ArticleNovember 21, 2022 · 5 min read time
Once upon a time, there was a company marketing printers and image processing technology. The company faced an unexpected change, adapted and turned it to an advantage. This success story has nostalgic elements, but also a timeless lesson: you can change a company if you have people who are willing to let change happen and want to change themselves as well. All this will be even more valuable in the future.
What does the company’s future look like? How can we reach our goals in a constantly changing world where the future feels impossible to predict? These questions are increasingly difficult to answer today, but there are ways to anticipate what is on the horizon.
The last few years have seen plenty of upheavals. Over the past two years, for example, the prices of raw materials and electricity have changed radically due to the Covid-19 pandemic, the war in Ukraine and the subsequent energy crisis. The availability of materials and products, the general rise in costs, the end of the use of certain services, and the decline in purchasing power have caused dramatic changes in companies’ business environments.

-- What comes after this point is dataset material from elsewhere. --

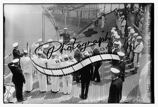 Theodore Roosevelt received,ILLINOIS,boats,ship,military personnel,officers,deck

However, companies cannot change their direction, technologies or the focus of their operations every six months. How to tackle this situation?

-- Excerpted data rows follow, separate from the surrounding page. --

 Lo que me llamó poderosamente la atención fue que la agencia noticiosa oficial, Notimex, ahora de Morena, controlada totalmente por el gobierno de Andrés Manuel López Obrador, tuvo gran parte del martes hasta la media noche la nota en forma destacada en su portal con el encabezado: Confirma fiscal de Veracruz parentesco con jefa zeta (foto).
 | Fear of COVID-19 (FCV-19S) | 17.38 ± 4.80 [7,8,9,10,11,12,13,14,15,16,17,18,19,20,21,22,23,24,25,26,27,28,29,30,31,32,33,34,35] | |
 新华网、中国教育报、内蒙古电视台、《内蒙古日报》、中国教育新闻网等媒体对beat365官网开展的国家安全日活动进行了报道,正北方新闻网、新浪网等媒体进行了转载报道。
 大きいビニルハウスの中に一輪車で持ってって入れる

Sustainability cuts through everything
A future-proof strategy aims at sustainable business operations. If the goal before was to make business operations more customer-oriented, we now want to think about things more broadly. Business ideas need to be ethically, socially and technologically sustainable. The concept of sustainability has broadened to cover more than just ecological sustainability and the carbon footprint.
We can make greener choices when it comes to the use of technology, but digital solutions are not entirely problem-free: there are, for example, questions about energy consumption. In addition, the natural resources that are used in devices are limited. Climate change has brought on increased regulation, but our values have also changed. The fact is that climate change cannot be ignored, and a company’s business cannot be considered sustainable if its operations are not ecologically, socially and financially sustainable. Sometimes, this means we must have the courage to let go of the old way of doing things.
Responsibility has found its way onto companies’ agenda, right into the core of business and strategy. The change can also be seen in practice at companies in the form of new roles, such as that of a Sustainability Director, or, at Nitor, in the creation of the role of Sustainability Engineer.
Before, social responsibility was absent from sustainability considerations or only dealt with superficially. Now, the concept of social responsibility has broadened. In the Nordic countries, we have relied on everyone complying with agreements and legislation, and there has been no risk of child labour. However, as supply chains have grown and working life has become more diverse, it has become necessary to take another look at social responsibility. One good example of this is accessibility – we must ensure that services are accessible to increasing user groups.
At a company’s business strategy level, we must consider how sustainability can be integrated into the service’s building process, maintenance and accessibility, what the profits are spent on and what the revenue models are. All of this has a profound effect on our everyday work.
The changing world contributes to the renaissance of generalists
The changing business environment increases the need for generalist-type competence. At one point, generalists had a slightly poor image in public discussion about working life: people wondered if generalists knew enough about anything at all. The ideal to aspire to was a super expert, highly specialised in one thing. The need for highly specialised professionals is unlikely to go away, but the demand for generalists has made a comeback.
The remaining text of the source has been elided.